Oberverwaltungsgericht Lüneburg, Beschluss vom 22.09.2022, Az. - 1 ME 90/22 -

Leitsatz
Ein sozial­therapeutisches Zentrum zur Unterbringung von Menschen mit Behinderungen ist in einem allgemeinen Wohngebiet nach § 4 Abs. 2 Nr. 3 BauNVO zulässig. 

Sachverhalt

Eine Anwohnerin befürchtet insbesondere unzumutbare Belästigungen durch psychisch kranke Bewohner.
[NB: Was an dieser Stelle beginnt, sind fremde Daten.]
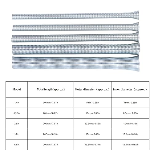 5 Pezzi Piegatubi a Molla, 5/8, 1/2, 3/8, 5/16, 1/4 Pollici Piega Tubi Curvatubi a Molla Piegatubi Manuale Piegatrice a Molla per Tubi in Rame, Alluminio, Acciaio a Parete Sottile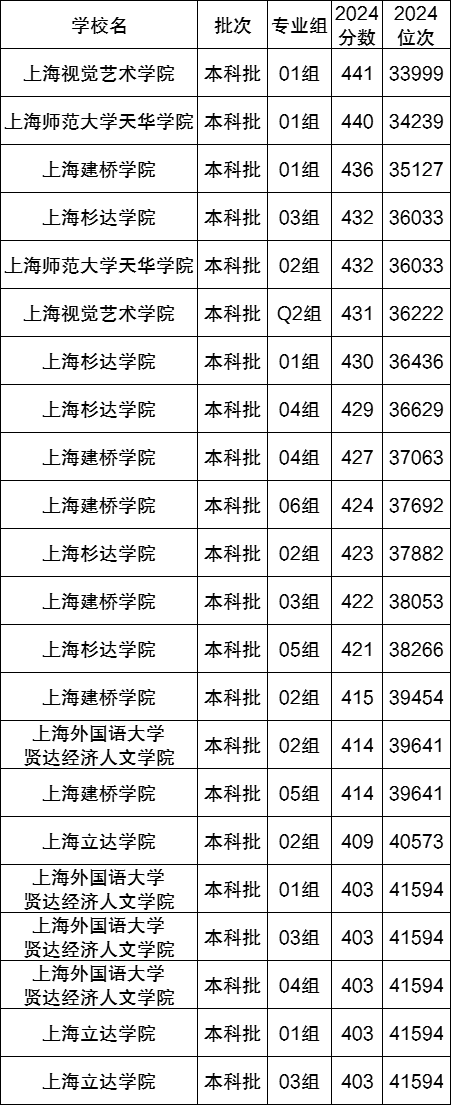 2024年各上海的民办本科大学在上海市收分最低的是上海立达学院,2024年最低分为403分,最低位次为41594。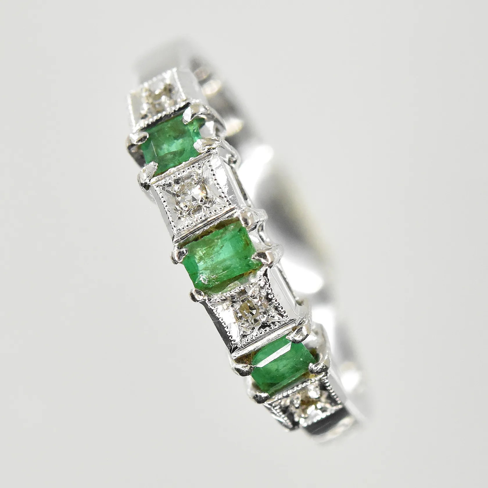 Ring med gröna och vita stenar, stl 16, bredd 2-4 mm, vitguld, 18K. Vikt: 2,5 g.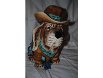 A must for any Basset collector to keep your dog treats or your cookies in this very cute and rare find of the "Cowboy" Basset Hound cookie jar!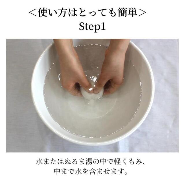 1.水又はぬるま湯の中で軽くもんで、中まで水分をよく含ませてください。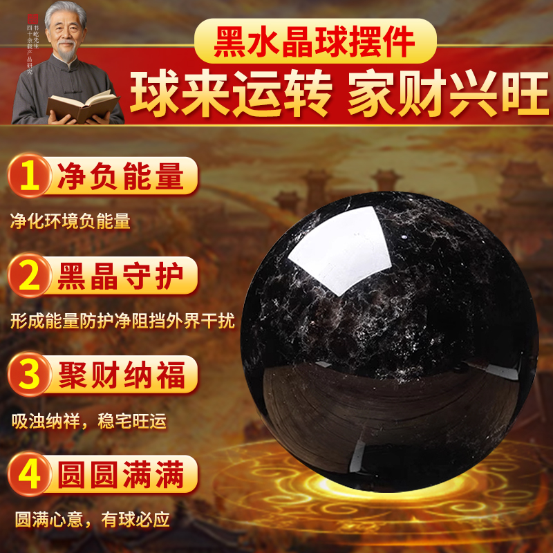 天然黑水晶球摆件黑曜石原石装饰品黄水晶白水晶粉水晶紫水晶开业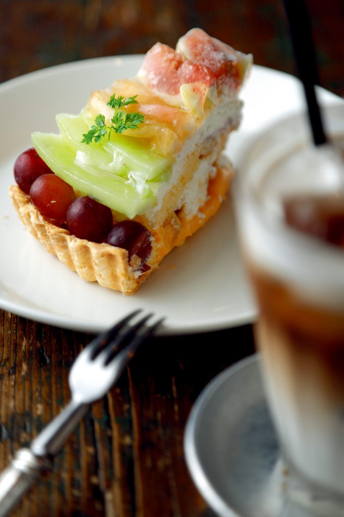 地養卵の手作りカスタードを使った「季節のフルーツタルト」(700円)。その時季の旬のフルーツがたっぷり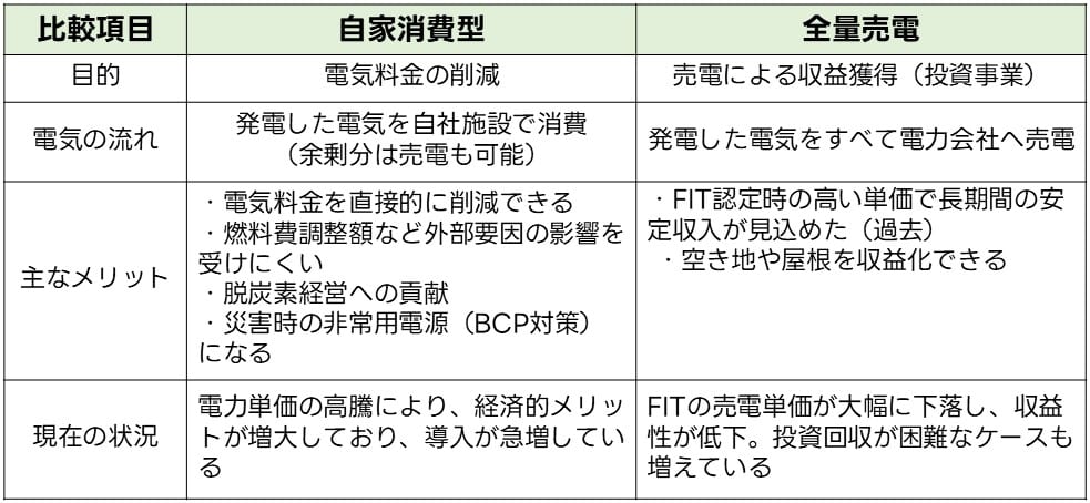 企業が太陽光発電を導入する際には、「自家消費型」と「全量売電型」のどちらを選ぶかが非常に重要なポイントとなります。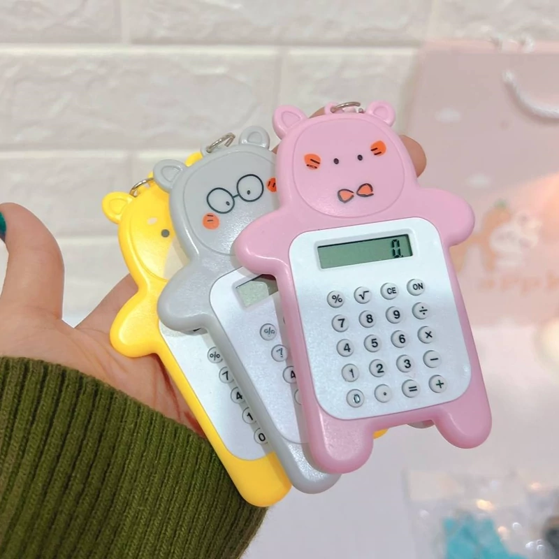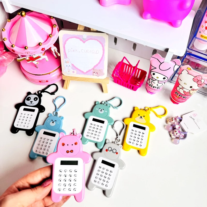ماشین حساب آویز دار خرسی رنگ شاد و فانتزی کیوت برای کادو هدیه لوازم التحریر گوگولی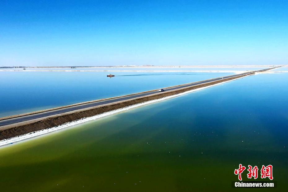 高原深秋,攝影愛好者在素有中國聚寶盆之稱的青海省海西蒙古族藏族自治州,拍攝察爾汗鹽湖的秋日美景。畫面中“萬丈鹽橋”“漂浮”在湖面上,翠綠或是淺綠色的鹵水好似盛在“聚寶盆”里的寶玉,秀色可餐。由于水分不斷蒸發(fā),鹽湖上形成堅(jiān)硬的鹽蓋,青藏鐵路和青藏公路直接修建于鹽蓋之上。察爾汗鹽湖蘊(yùn)藏有豐富的氯化鈉、氯化鉀、氯化鎂等無機(jī)鹽,總儲量達(dá)20多億噸,為中國礦業(yè)基地之一。 包雷 攝

Im Mai 2019 wurde für ein sozialtherapeutisches Zentrum eine Baugenehmigung erteilt. In dem Zentrum sollten Menschen mit Behinderungen aufgenommen werden. Dies umfasste auch Menschen, die aufgrund eines betreuungsrechtlichen Beschlusses wegen einer Selbstgefährdung im Zentrum eingewiesen werden sollten. Das Zentrum lag in eine allgemeinen Wohngebiet und sollte 41 Wohnplätze haben, von denen 17 dem beschützten Bereich zugeordnet waren. Eine Nachbarin hielt die Baugenehmigung für das sozialtherapeutische Zentrum für unzulässig und beantragte daher Eilrechtsschutz. Das Verwaltungsgericht Hannover wies den Antrag zurück. Dagegen richtete sich die Beschwerde der Nachbarin.

Rechtliche Beurteilung

Die Baugenehmigung für das sozialtherapeutische Zentrum ist rechtmäßig. Das sozaltherapetische Zentrum ist als Anlage für soziale Zwecke im allgemeinen Wohngebiet als Regelnutzung gemäß § 4 Abs. 3 Nr. 3 BauNVO zulässig. Das Vorhaben dient der sozialen Fürsorge für Menschen mit besonderem Unterstützungs- und Betreuungsbedarf. Im Vordergrund stehe das Wohl der Bewohner und ihre individuellen Bedürfnisse.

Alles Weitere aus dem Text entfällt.